Search code examples
awktextcolumnsorting

How to print, with awk, duplicated fields in a column that have a specific amount of duplication


Data:

id name city language area_code
01 Juan Cali ES 44
01 José Cali ES 44
01 Pedro Cali ES 44
02 Albert Edinburgh 19
02 Mark En 19
03 Raisa Hellsinki FI 22
03 Lisa Hellsinki
04 Gian Roma IT 33
05 Loris Sicilia
05 Vera Sicilia 31

The file containing this data is in next format:

01;Juan;Cali;ES;44
01;José;Cali;ES;44
01;Pedro;Cali;ES;44
02;Albert;Edinburgh;;19
02;Mark;;En;19
03;Raisa;Hellsinki;FI;22
03;Lisa;Hellsinki;;
04;Gian;Roma;IT;33
05;Loris;Sicilia;;
05;Vera;Sicilia;;31

In this data, rows with id = 02, 03, 05 have this very same field duplicated twice, so no matter what the rest of the data says, I need to be able to select only those rows that have the field id duplicated twice, so the expected result would be:

02;Albert;Edinburgh;;19
02;Mark;;En;19
03;Raisa;Hellsinki;FI;22
03;Lisa|Hellsinki;;
05;Loris;Sicilia;;
05;Vera;Sicilia;;31

So far I have only found the way to select rows duplicated any amount of times, which code is:

awk -F';' -v OFS=';' 'a[$1]++{print $0}' data.file

But I haven't been able to figure out the way to obtain only those lines with the id duplicated twice...
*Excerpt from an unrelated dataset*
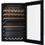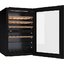 Этот шкаф рассчитан на 44 бутылки по 0,75 л и предлагает общий объем 140 литров, из которых 117 литров полезного пространства. Четыре деревянные полки расположены так, чтобы минимизировать вибрации и не повреждать этикетки, при этом все полки регулируются по высоте. Внутреннее светодиодное освещение равномерно подсвечивает содержимое, не нагревая бутылки и не нарушая климат. Управление сенсорное с цифровым дисплеем позволяет точно задавать режимы и видеть текущую температуру одним касанием.
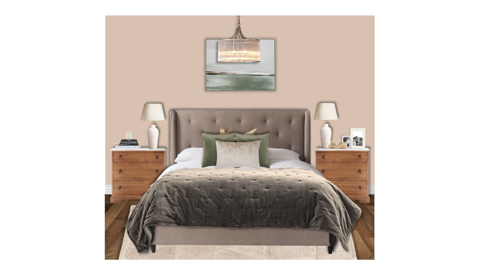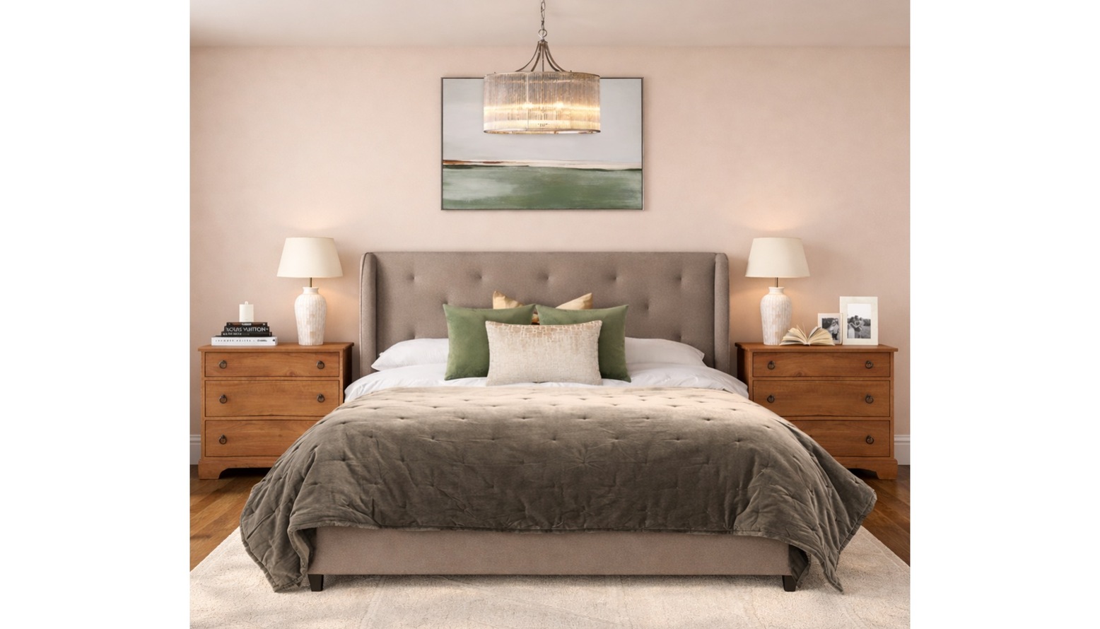The bedroom exudes a tranquil elegance with soft, muted tones and a cozy layout. A plush super king ottoman bed in mocha fabric takes center stage, adorned with an opulent velvet bedspread in neutral hues. Ample decorative cushions in shades of green and cream enhance the inviting look of the bed.

Update: like U2, I still haven't found what I'm looking for, but I have a new awk command that I think is closer:

awk -F';' -v OFS=';' '{a[$1]++; if (a[$1] == 2) {print $0}}' data.file

It correctly counts out the row with id 04, but includes rows with id 01 which is not exactly two times repeated but three...


Solution

  • In 2 passes:

    $ awk -F';' 'NR==FNR{cnt[$1]++; next} cnt[$1]==2' file file
    02;Albert;Edinburgh;;19
    02;Mark;;En;19
    03;Raisa;Hellsinki;FI;22
    03;Lisa;Hellsinki;;
    05;Loris;Sicilia;;
    05;Vera;Sicilia;;31
    

    or in 1 pass if your input is grouped by the first field as shown in your example (you can always sort it if not):

    $ awk -F';' '
        $1 != prev { if (cnt == 2) print buf; prev=$1; buf=$0; cnt=1; next }
        { buf=buf ORS $0; cnt++ }
        END { if (cnt == 2) print buf }
    ' file
    02;Albert;Edinburgh;;19
    02;Mark;;En;19
    03;Raisa;Hellsinki;FI;22
    03;Lisa;Hellsinki;;
    05;Loris;Sicilia;;
    05;Vera;Sicilia;;31